Aajonus was direct that the belief viruses self-replicate is, in his words, "theory without proof and poor science." In his laboratory work, which he directed and observed, there was no evidence that viruses were produced or self-replicated outside of cells. When viruses appear to multiply in laboratory settings, what is actually happening, according to his framework, is that live cells added to a viral preparation begin producing more viral solvents in response to the contaminated environment. The cells themselves are manufacturing the viruses. The virus is not reproducing independently. He compared this to asking whether Tide soap can self-replicate. The soap does not reproduce; humans make the soap. Similarly, cells make viruses when they need a solvent, and when more cells in a contaminated environment begin producing solvents, the quantity of viral material increases. This is not self-replication. It is cellular production in response to conditions.

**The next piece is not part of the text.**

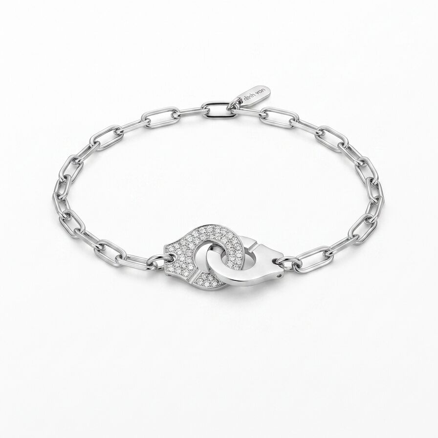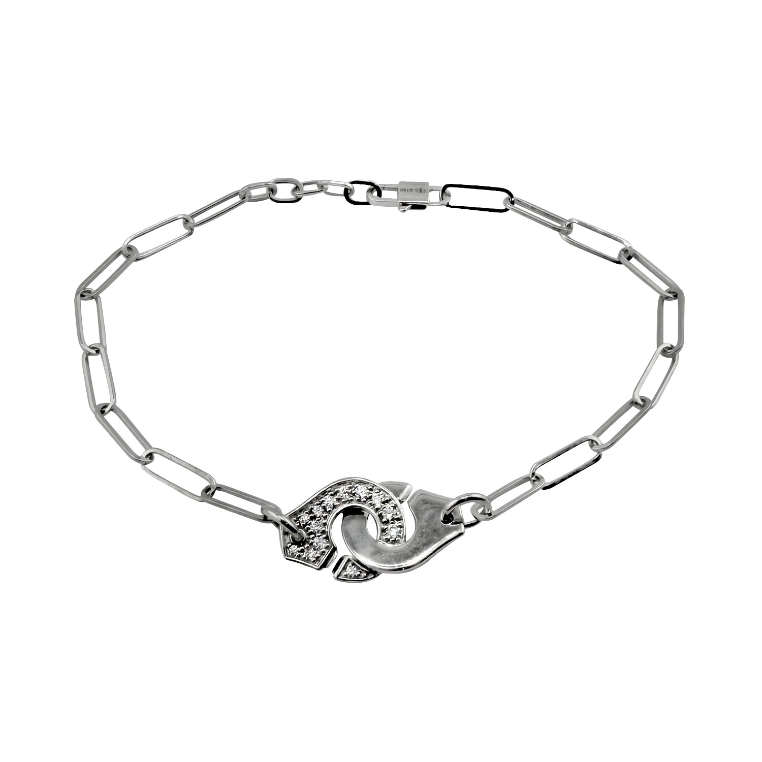 Bracelet iconique paré de scintillants diamants qui illumine la deuxième menotte en or blanc 750 millièmes.

The commercial preparation of bacteriophages involves the extraction and purification of these viral solvents from a bacterial culture. What is being harvested and purified is, in Aajonus's understanding, a collection of protein-based solvents that the bacterial environment produced in response to the conditions imposed on it, not a living organism capable of independent action or reproduction.

Aajonus placed the FDA approval of bacteriophages explicitly within the history of vaccine theory and pharmaceutical commerce. He noted that the approval occurred under the stated justification that the viral soup would protect the public from a rare bacterium, but that this protection had not been proved. He framed it as the same structure that has operated throughout the history of pharmaceutical intervention: a claimed protective benefit is used to justify introducing a substance into the food supply or the body, regardless of whether the mechanism claimed actually operates as described, and regardless of the potential harm from the introduced substance.

He observed that viruses sprayed on food enter the food supply and therefore enter the bodies of people who eat that food. Because viruses are solvents that dissolve organic and inorganic structures, introducing them into food that will be consumed is not, in his framework, a neutral act. The viral solvents act on whatever contaminated, damaged, or weakened cellular tissue they contact. The body does not benefit from having externally introduced viral solvents arrive with food, particularly when the food is already processed, since processed meat and poultry carry their own chemical burden from processing additives, preservatives, and industrial handling.